How the pandemic changed business – COVID-19 one year later

March 29, 2021

It’s been a whole year since Jamaica recorded its first COVID-19 case!! Longest… year… ever!!  More than 365 days later, and we still can’t go to the movies or parties or even funerals. But there is a vaccine, more than one actually, and we’re finally starting to see the end of this pandemic. Hallelujah!  

In one year of COVID-19, we’ve gone through lockdown, curfews, schools closing, then reopening, then being closed again. A lot has happened since March 10, 2020, the day Jamaica confirmed its first case of the virus, and a lot has changed since then too – some good and some not so good.  Let’s go over it.
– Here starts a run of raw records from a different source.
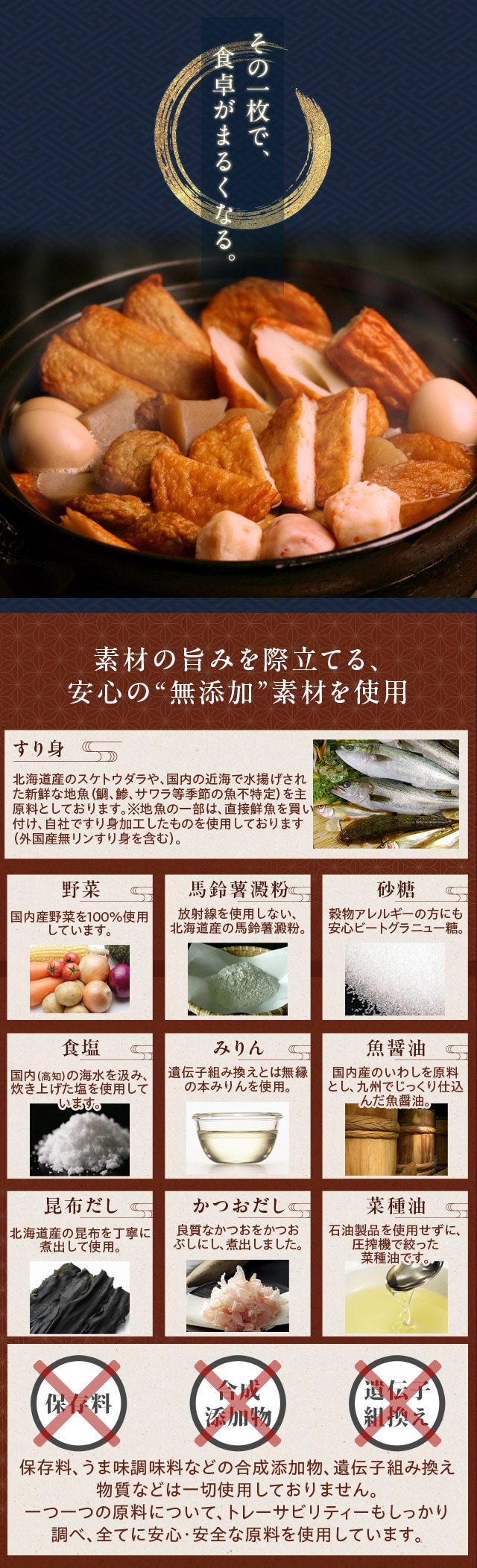 | 原材料名 | 【イカ天】魚肉(日本)、イカ(日本)、食用菜種油、馬鈴薯澱粉、砂糖、魚醤(イワシ、食塩)、食塩、鰹だし、昆布だし、味醂 【おじいちゃんの天ぷら】魚肉(日本)、食用菜種油、馬鈴薯澱粉、砂糖、魚醤(イワシ、食塩)、食塩、鰹だし、昆布だし、味醂 【きくらげ天】魚肉(日本)、食用菜種油、馬鈴薯澱粉、砂糖、魚醤(イワシ、塩蔵)、乾燥きくらげ(きくらげ(日本))、食塩、鰹だし、昆布だし、味醂 【ささがきごぼう天】魚肉(日本)、ごぼう(日本)、食用菜種油、馬鈴薯澱粉、砂糖、魚醤(イワシ、食塩)、食塩、鰹だし、昆布だし、味醂 【ふんわり玉ねぎ天】魚肉(日本)、玉ねぎ(国産)、食用菜種油、馬鈴薯澱粉、砂糖、魚醤(イワシ、食塩)、食塩、鰹だし、昆布だし、味醂 |
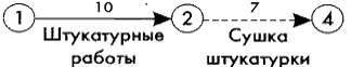 К понятию «работа» также относится понятие «зависимость». Зависимость – это связь между двумя или несколькими событиями, не требующая ни затрат времени, ни затрат ресурсов. В сетевой модели зависимость показывается в виде пунктирной стрелки без указания времени (рис.14).
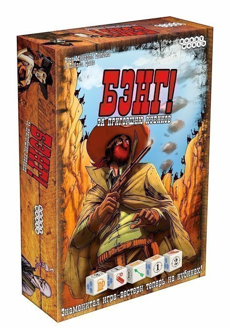Похоже замес будет неслабым?Да, вы не ошиблись, ведь перед нами новая версия мега-популярной ролевой игры «Бэнг!», которая перенесёт нас в мир Дикого Запада. В версии «Бэнг! За Пригоршню Кубиков» остались все те же персонажи и роли, однако карты сменились точными выбросами кубиков. Ну, и еще один неплохой бонус для истинных фанатов – теперь играть может компания из восьми и трех человек.

This time la Jamaica had recorded only 15 cases of the virus (March 18). As I’m recording this video (on March 19), Jamaica has 17,401 active cases from a total of 33,970 confirmed cases. The country also has, unfortunately, recorded 519 virus-related deaths. That’s a lot!

Early Misconceptions

The early days of the pandemic were also rough. There was the shortage of personal protective equipment, panic buying and a whole lot of misinformation that fuelled panic and caused confusion.  One of the biggest misconceptions had to be that the virus only severely affected the elderly and that young people who were fit and healthy were unlikely to become severely ill.  Part of this did stem from the fact that COVID-19 was a new virus and doctors and researchers were learning on the go. Now we know that the virus doesn’t respect age, and otherwise healthy young people can still be hit hard.

Speaking of young people, at one point, it was also thought that children couldn’t get the virus, or if they did, it was only mild.  However, the World Health Organisation (WHO) says that while children are less than 10% of reported cases and typically present with only mild symptoms, there have been critical cases that need intensive care.  Children – like everyone else – can still spread the virus even if they’re not showing signs of being sick. That’s why the big debate about resuming face to face classes.
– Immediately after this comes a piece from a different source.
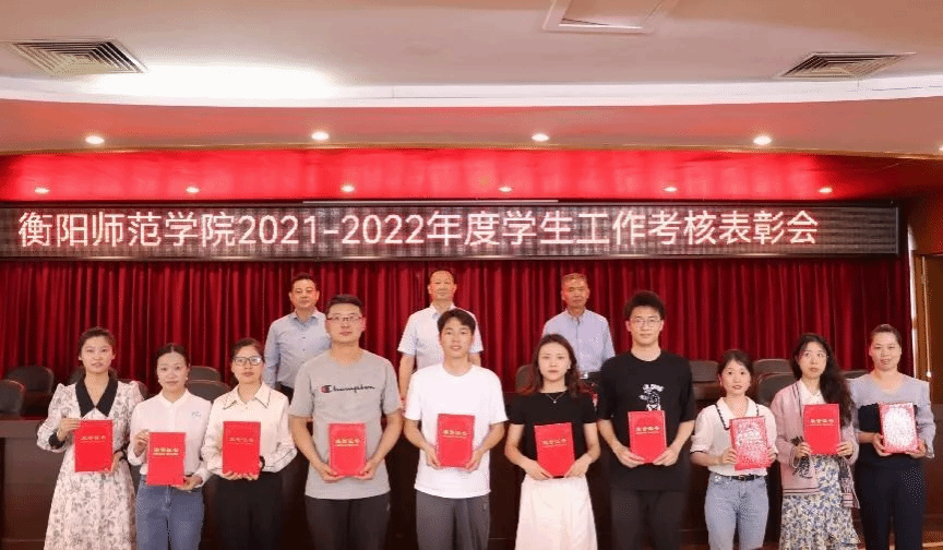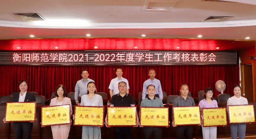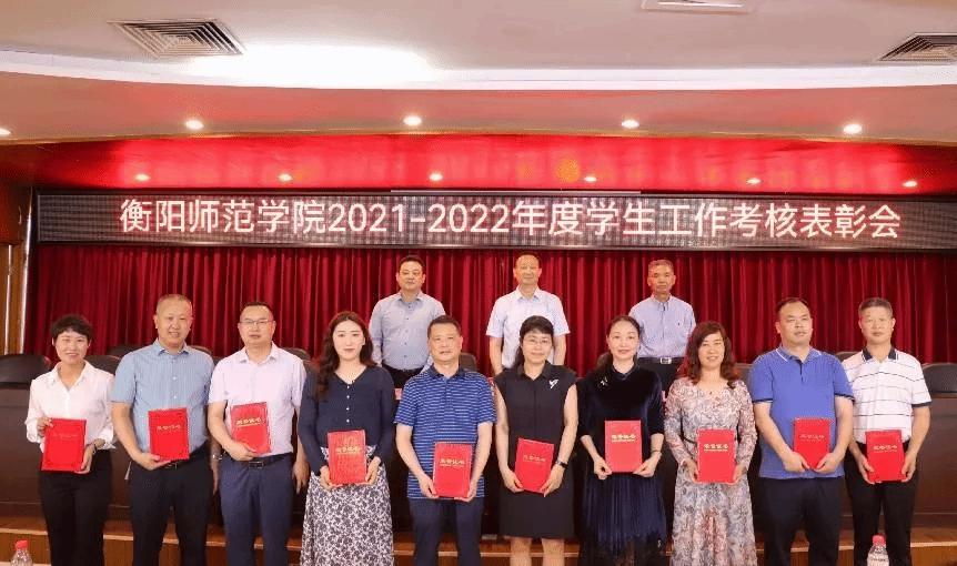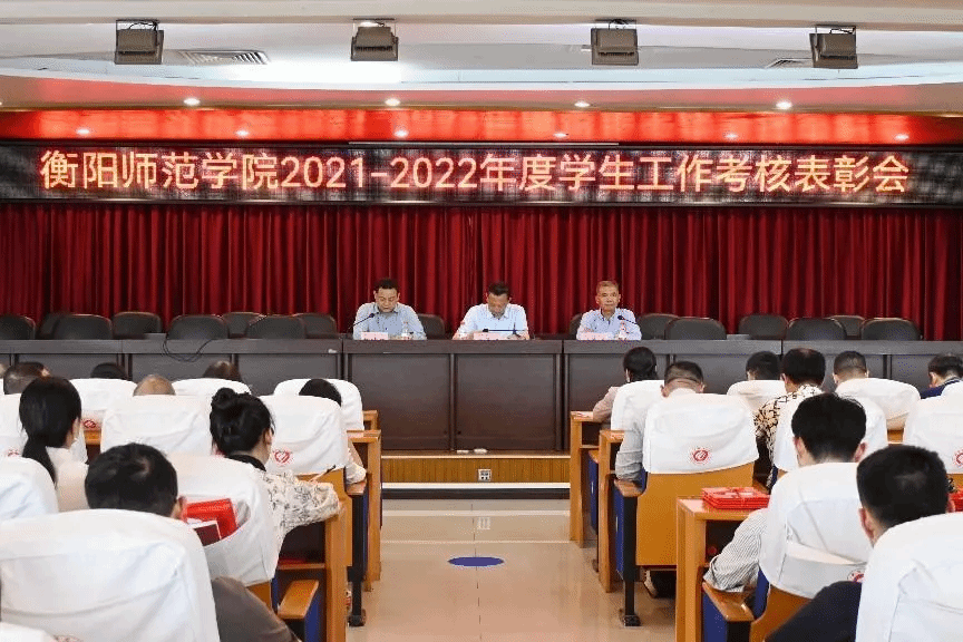 刘福江宣读了2021-2022年度学生工作考核表彰文件。与会校领导为获评学生工作先进单位、学生工作先进个人、十佳辅导员的集体和个人进行颁奖。

The good news is that the world understands the virus better now, and people have access to more accurate information about the virus – how it’s spread, how contiguous it is and most importantly, how to stay safe. So, I hope we’re all still washing our hands for at least 20 seconds, wearing masks and not going to illegal parties.

 

Digital boom

Now, raise your hand if you’ve had more Skype meetings over the last year than ever. Ok, now raise your hand if you’ve been a part of at least two Zoom meetings every month since March 2020.  Yup, that’s become the reality for most of the world.  Zoom, Skype, Google Meet, and other platforms like them have become the go-to for business meetings, hanging out with friends and even weddings.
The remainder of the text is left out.